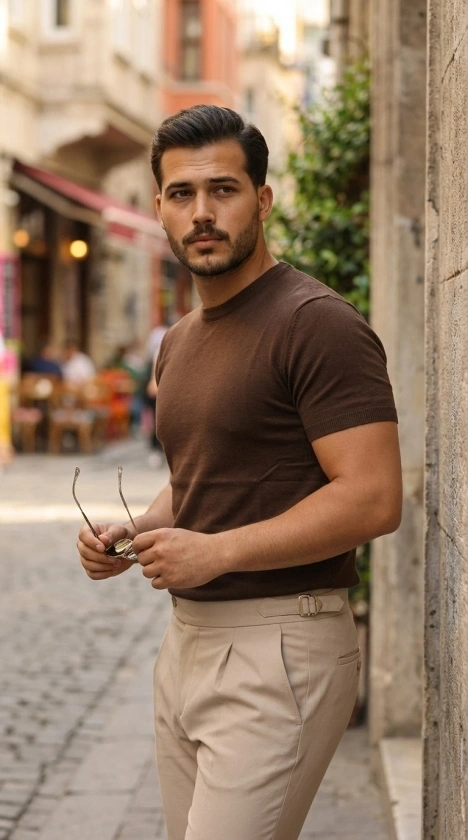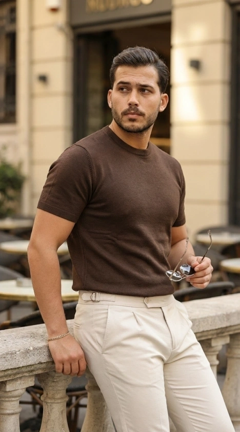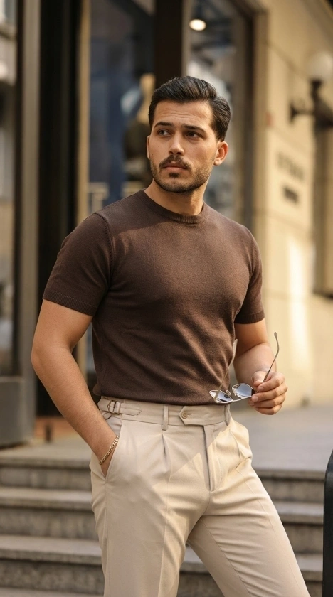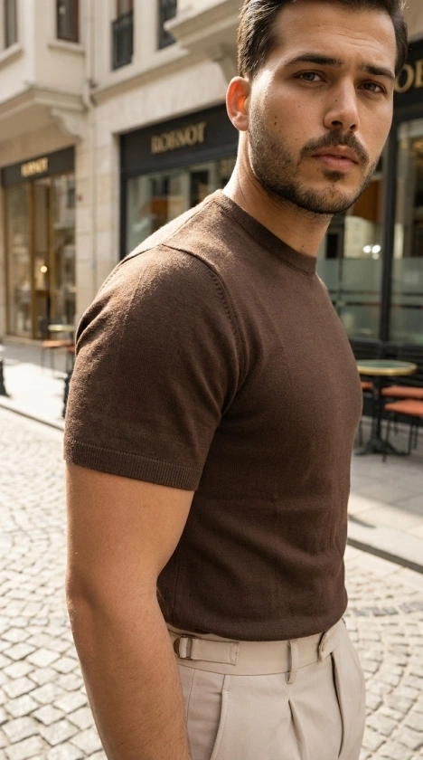 Erkek Yazlık Fitilli Triko Tişört Kısa Kol Bisiklet Yaka T-Shirt - Kahverengi
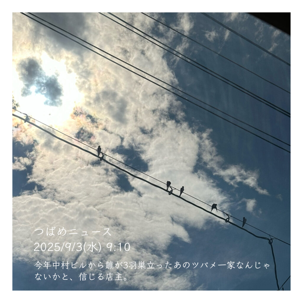 中村ビル入り口のツバメ一家の🐥さんたち。 最後の1羽のやぁちゃんも置いて行かれやしないか心配しましたが、昨日全員無事に巣立ちました! そしてお昼前。 お店の東窓の... -
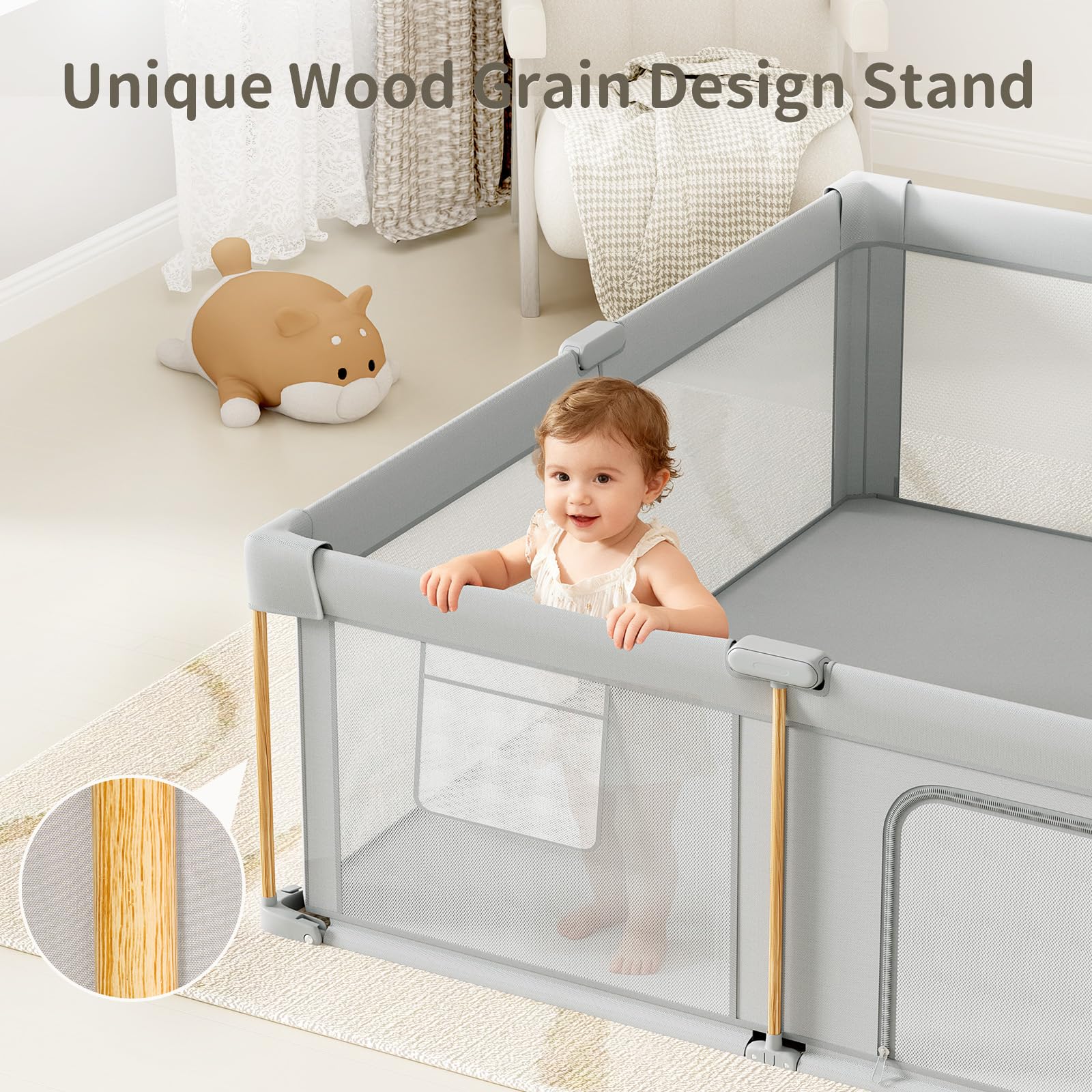 【Elegant Wood Grain Design】This foldable baby playpen sets itself apart with distinctive wood grain aesthetics that blend functionality with stylish appeal. The complete baby playpen with mat seamlessly complements your home decor while creating an attractive and comfortable play space for your child
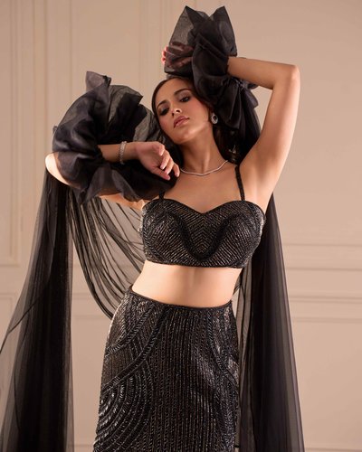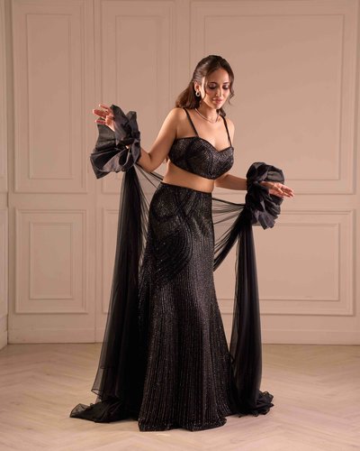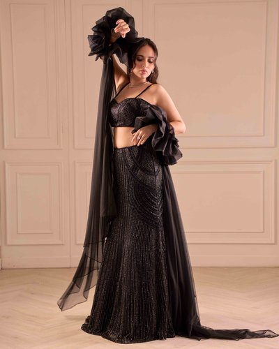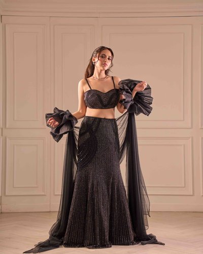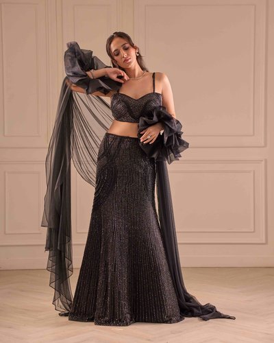 Fit to flare lehenga, tube blouse & ruffled dupatta sleeves.

-*-

What to work on: Output the data above exactly. Drop every picture.

Written answer:
 Erkek Yazlık Fitilli Triko Tişört Kısa Kol Bisiklet Yaka T-Shirt - Kahverengi
 中村ビル入り口のツバメ一家の🐥さんたち。 最後の1羽のやぁちゃんも置いて行かれやしないか心配しましたが、昨日全員無事に巣立ちました! そしてお昼前。 お店の東窓の... -
 【Elegant Wood Grain Design】This foldable baby playpen sets itself apart with distinctive wood grain aesthetics that blend functionality with stylish appeal. The complete baby playpen with mat seamlessly complements your home decor while creating an attractive and comfortable play space for your child
 Fit to flare lehenga, tube blouse & ruffled dupatta sleeves.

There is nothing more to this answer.